A technical glitch on Binance exacerbated the selloff, and the exchange later said it paid $283 million in compensation to affected users. It said the glitch didn’t cause the market crash.
Binance and Hyperliquid didn’t immediately respond to requests for comment. “Hyperliquid is a blockchain where every order, trade, and liquidation happens onchain,” Jeff Yan, the platform’s co-founder, said in an X post on Monday. “Anyone can permissionlessly verify the chain’s execution, including all liquidations and their fair execution for all users.”
For an industry that spent the past three years trying to restore confidence following the catastrophic collapse of exchange FTX, Friday was an ugly reminder of how tenuous those gains are.
Leverage Buildup
At one point, $7 billion vanished in a single hour, Coinglass data show. From Singapore to New York, one lesson echoed: When crypto algorithms seize control, there’s no human left to intervene.
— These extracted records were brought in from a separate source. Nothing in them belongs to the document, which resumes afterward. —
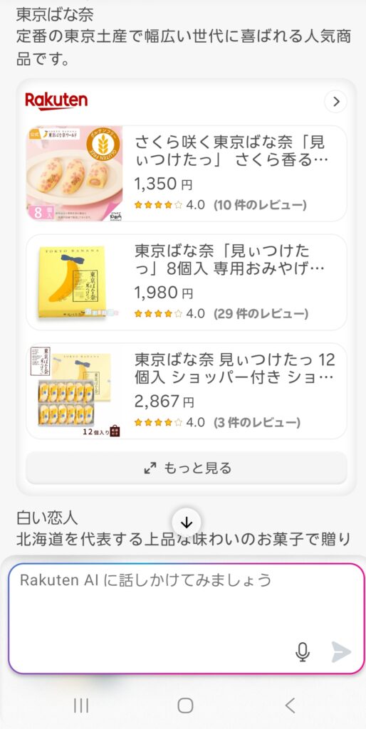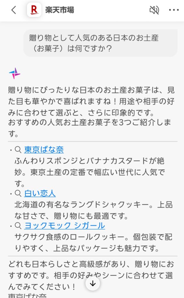 「贈り物として人気のある日本のお土産(お菓子)は何ですか?」を試すと、数秒でフラワーアレンジメント・入浴剤セット・おしゃれなハンドクリームなど、いくつかの候補を提案してくれました。 それぞれに「なぜおすすめか」の理由も添えてあり、親切さを感じました。
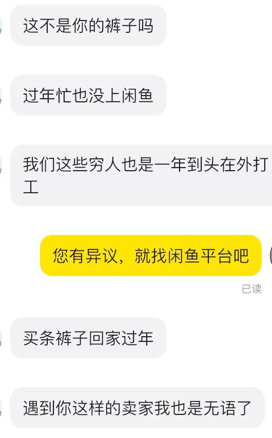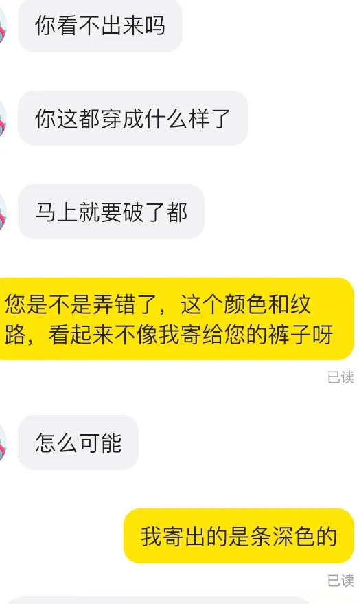 买家收到货后,就马上跟我说,我的裤子是旧的,都快要磨破了,要退货
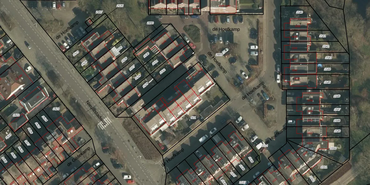 de Hoefkamp 1124 is gelegen op kadastraal perceel NBH00K501. Deze kadastrale aanduiding is uniek en wordt gebruikt door het Kadaster om eigendomsrechten en andere zakelijke rechten vast te leggen. Het perceel maakt onderdeel uit van de kadastrale gemeente Neerbosch.

Thin and fragmented liquidity on the weekend made it worse.
In digital assets, margin calls are not requests but automatic commands. When collateral falters, algorithms sell without pause. No time, no mercy. The same plumbing that keeps markets open 24 hours a day also ensures that when volatility strikes, losses cascade at a rapid clip.
Leverage had been quietly building for months. Hedge funds, retail traders and market-makers had shifted from holding tokens outright to using borrowed money to amplify returns. On the surface, risk appeared contained: positions seemed offset, funding rates calm. In truth, many trades were backed by the same pool of collateral, leaving the system fragile. When that collateral cracked, everything tied to it fell in unison.
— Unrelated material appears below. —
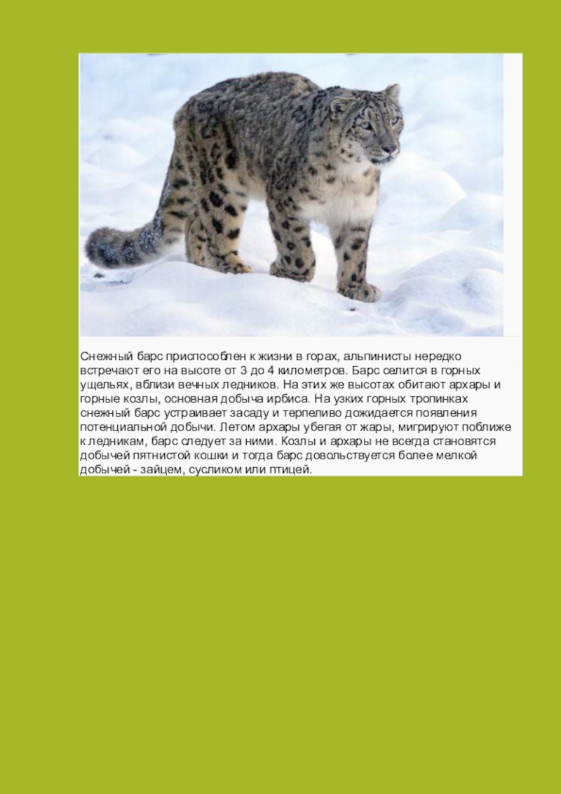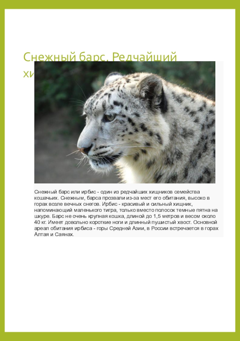 редчайших хищников семейства кошачьих. Снежным, барса прозвали из-за мест его обитания, высоко в горах возле вечных снегов. Ирбис - красивый и сильный хищник, напоминающий маленького тигра, только вместо полосок темные пятна на шкуре. Барс не очень крупная кошка, длиной до 1,5 метров и весом около 40 кг. Имеет довольно короткие ноги и длинный пушистый хвост. Основной ареал обитания ирбиса - горы Средней Азии, в России встречается в горах Алтая и Саянах.

In theory, crypto exchanges have a backstop. Each typically maintains an insurance fund - a pool of capital built from liquidation fees and trading penalties, designed to absorb losses when clients’ margin runs out. When a leveraged trader’s position collapses faster than it can be sold, the fund steps in to buy it, covering the shortfall so the market stays orderly. On calm days, these pools quietly earn money. In panic, they are the only thing standing between volatility and insolvency.
On Friday, they broke. As liquidations accelerated, losses outpaced the funds’ capacity to absorb them. That triggered the system’s final line of defence: auto-deleveraging.
While geopolitics was the trigger for the rout, “what really kicked the market is that Binance and some other exchanges, they started auto-deleveraging,” said Re7 Capital founder Evgeny Gokhberg. “It’s the worst flush in the history of crypto, and to a very large extent it was exacerbated by centralized exchanges changing their ADL parameters.”
No Safety Nets
The massive unwinding of leverages spilled over to altcoins, which were eviscerated. Traditional markets have circuit breakers, clearing houses and moments to breathe. Crypto has none. Once liquidations hit, algos sell into whatever liquidity remains. When most traders are posting the same coins as security, the loop is self-reinforcing: Forced selling drives prices lower, triggering yet more forced selling. Within minutes, liquidity can disappear entirely.
“When massive long liquidations occur simultaneously without new willing counterparties, the system faces mathematical impossibility,” market maker Caladan said in a research note. “There aren’t enough losers to pay all the winners.”
The timing is awkward. The market’s collapse comes just as crypto is edging closer to mainstream legitimacy with Wall Street firms expanding digital-asset offerings, while retail traders plunge in. In Washington, a months-long push for a market-structure bill signals the clearest path yet toward regulatory recognition.
In traditional finance, it recalls the 2008 credit unwind and the 2020 Treasury squeeze - small shocks meeting hidden leverage and brittle liquidity - only in crypto the sequence can unfold in minutes, not days. Mainstream markets have buffers: brokers, settlement delays, central banks, while crypto relies on momentum.